What to do —
Go through the data below and copy it exactly, skipping every picture.

Exercise data —
==============================

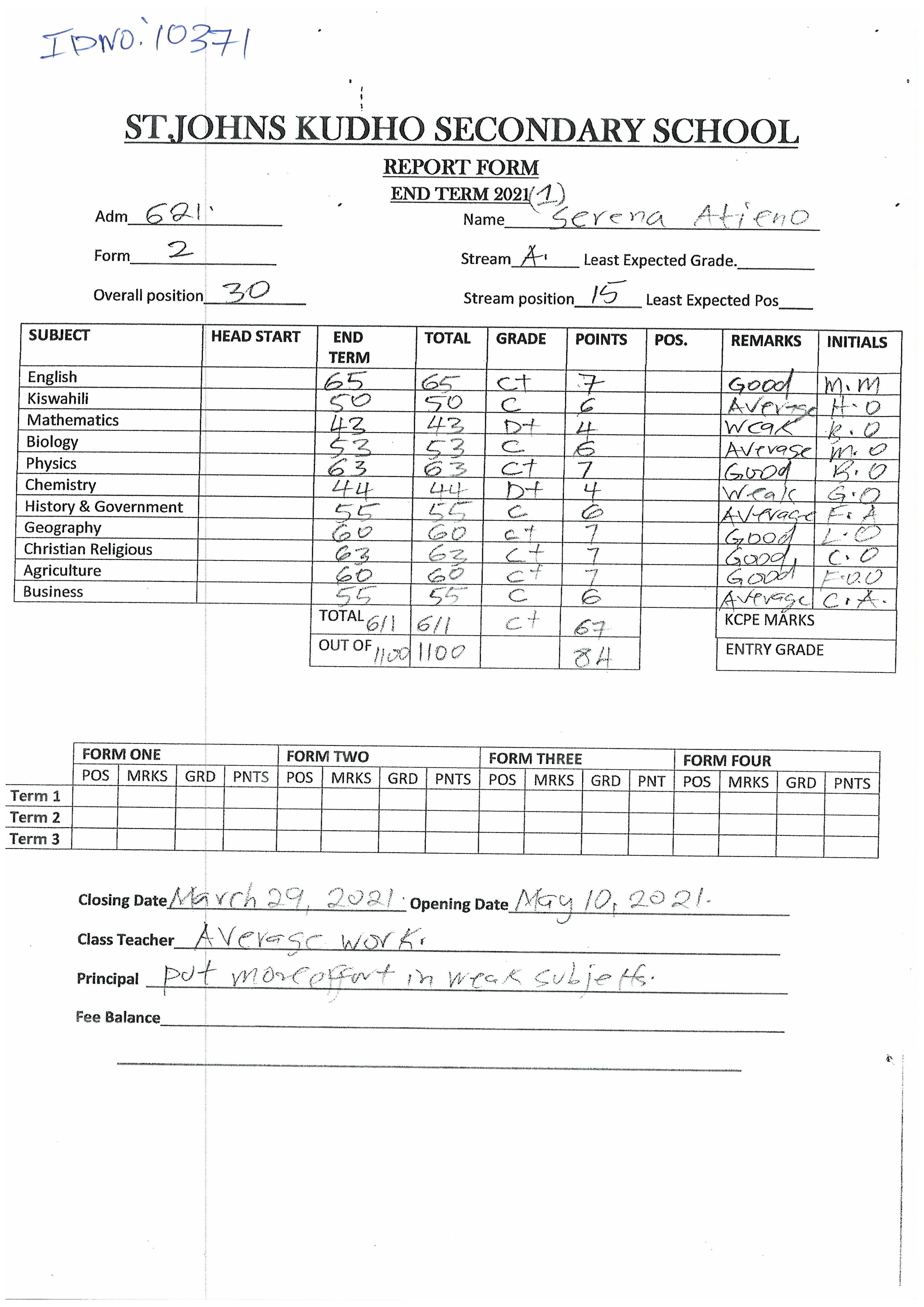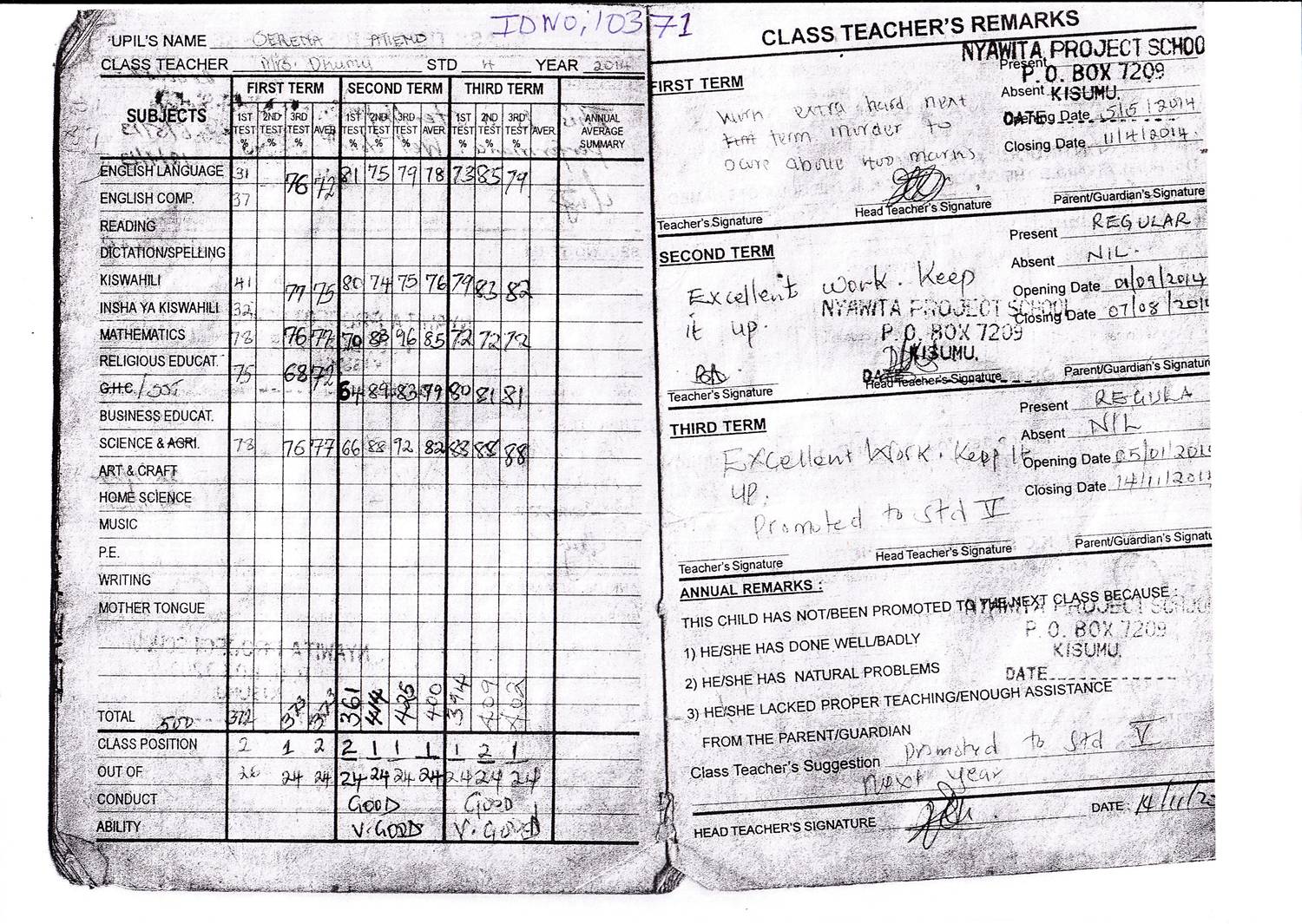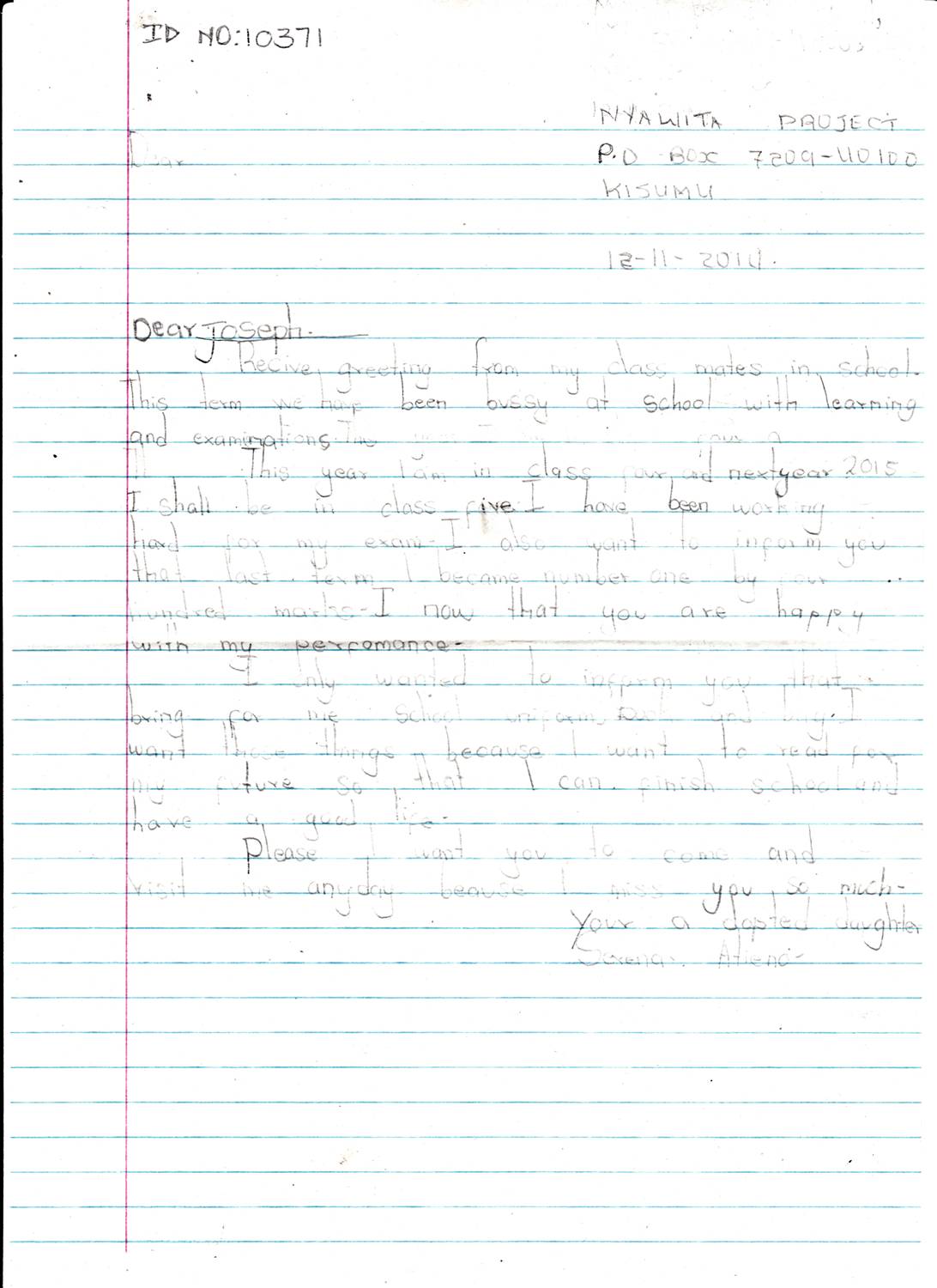 Serena Williams Atieno byla adoptována v roce 2009 a dnes navštěvuje 2. ročník střední školy ve škole Nyawita Primary.
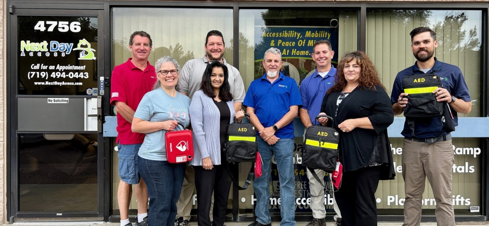 “We are in the business of helping people, specifically people with health complications,” said David Beiner, CEO of Next Day Access Colorado Springs. “If we can offer another way to provide safety, we want to be able to do so. The technicians, office staff, and myself are equipped with the AEDs, whether on the road or at the office.”
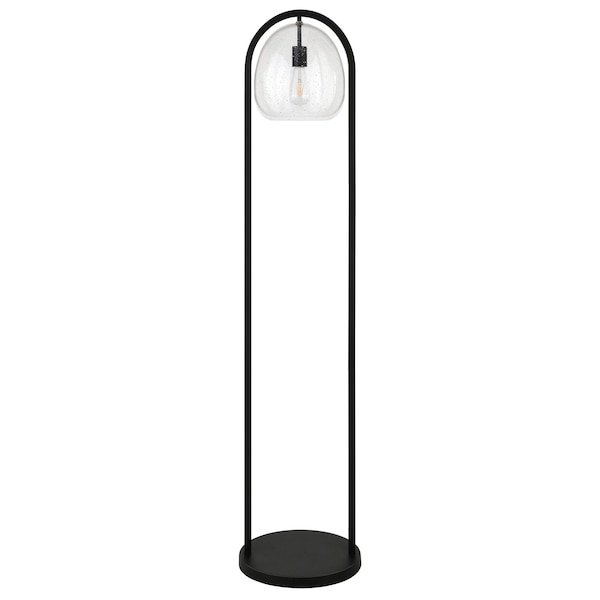 Embrace the good life with this hard working and stylish 65" black column floor lamp with clear seeded glass globe shade. The base of this lamp is made of black metal. The lamp light itself is covered by a glass, globe shaped shade, making this a classy piece that will complement most any interior. Unique and impactful, this column or tower shaped lamp is tall and rectangular emitting warm beautiful light. High quality design makes this a great lamp for not only lighting, but accenting a room with style. It is perfect for virtually any decor. 64.5" H x 14" W x 14" D
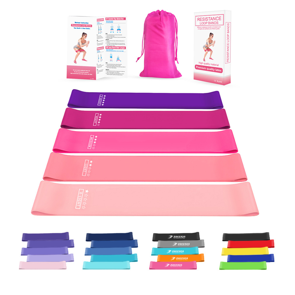 5条不同颜色不同厚度的拉力带+布袋+说明书同时装入彩盒

==============================

Result —
 Serena Williams Atieno byla adoptována v roce 2009 a dnes navštěvuje 2. ročník střední školy ve škole Nyawita Primary.
 “We are in the business of helping people, specifically people with health complications,” said David Beiner, CEO of Next Day Access Colorado Springs. “If we can offer another way to provide safety, we want to be able to do so. The technicians, office staff, and myself are equipped with the AEDs, whether on the road or at the office.”
 Embrace the good life with this hard working and stylish 65" black column floor lamp with clear seeded glass globe shade. The base of this lamp is made of black metal. The lamp light itself is covered by a glass, globe shaped shade, making this a classy piece that will complement most any interior. Unique and impactful, this column or tower shaped lamp is tall and rectangular emitting warm beautiful light. High quality design makes this a great lamp for not only lighting, but accenting a room with style. It is perfect for virtually any decor. 64.5" H x 14" W x 14" D
 5条不同颜色不同厚度的拉力带+布袋+说明书同时装入彩盒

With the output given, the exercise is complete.